BRUSSELS - The EU plans to be carbon neutral by 2050, but to get there it needs to pass two decadal milestones -- each implying massive adaptation by industry and consumers.
The first of those has already been set: achieving at least a 55 percent reduction in greenhouse gas emissions by 2030, compared with a 1990 baseline.
Now, the 27-country European Union is tackling the next transition stage: its climate-fighting ambitions for 2040.
The bloc's environment ministers on Monday launched the debate on that goal, ahead of the European Commission early next month presenting its impact assessment reports of different climate target scenarios.
Those developments will inform positions that will be crystallised in the next European Commission and European Parliament that will result from EU elections taking place in June this year, with a formal EU proposition to be formulated in late 2024.

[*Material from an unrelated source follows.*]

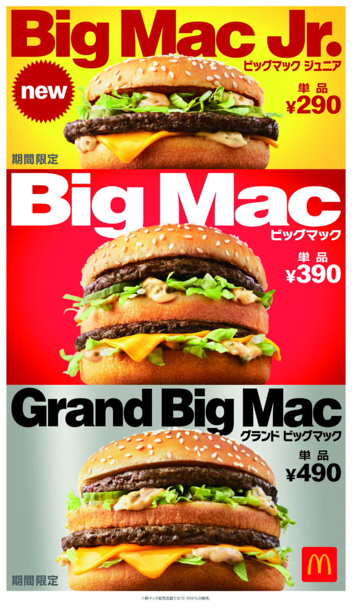 「ビッグマック ジュニア」と同時に「グランドビッグマック」「ギガ ビッグマック」も登場し、気分に合わせて選べるラインナップとなります☆

The current EU climate commissioner, Wopke Hoekstra, has vowed a net emissions reduction of "at least 90 percent" by 2040.
The chair of the European Parliament's environment committee, Pascal Canfin, said that 90-percent goal "would allow the same level of ambition and the same rate of reduction" as for the 2020-2030 period.
"Going beyond that seems complicated," he said.
The EU's European Scientific Advisory Board on Climate Change in a June report urged a reduction of 90-95 percent for the bloc to stay on its carbon-neutral trajectory.
To get there, it said there would have to be practically no carbon emissions from electricity production, an acceleration of renewable energy sources, at least a halving of oil imports and drastically reduced energy consumption.
Carbon Market Watch, a not-for-profit research organisation seeking to shape the EU's climate stance, says current Green Deal legislation won't achieve the targets set, noting that many of the already-agreed transitions are backloaded to 2030.
- Calls for a pause -
Several EU governments and conservative EU lawmakers are also putting up resistance, calling for a pause in environmental legislation.
Part of that is because of blowback from the bloc's powerful farming lobby, whose voice is being increasingly heard as parties vie for European Parliament seats.
But Hoekstra, arriving for the EU ministers' meeting, said there was no alternative to rising to meet the climate challenge given the growing impact of global warming.
"They're not my red lines, they're not the red lines of the Commission, they are not the red lines of any individual minister -- it is simply what the planet tells us to do," he said.
The detail of what reaching the targets would entail is where much of the friction lies.
Dozens of climate non-governmental organisations, think tanks and research groups have called for overall emission cuts, more carbon sinks like forests that absorb gases, and carbon capture and stockage technologies.
"This is a crucial moment to shape the climate policy architecture," said Fabiola de Simone, of Carbon Market Watch.
Aiming for a "net" carbon reduction -- meaning using offsets to bring down overall emission figures rather than an across-the-board cut -- "can lead us to slow down the efforts to reduce emissions first, which is our priority," she said.
"This kind of approach... is wrong scientifically, it's also very risky," she said.
But Canfin said "all solutions" needed to be adopted because "there are residual emissions that we aren't able to get rid of".
Adolfo Aiello, deputy head of the European Steel Association, said that a 90-percent target in any case "entails almost a full decarbonisation of energy-intensive industries such as steel".
"The EU steel industry's decarbonisation alone would require the equivalent of today's German electricity consumption," he said.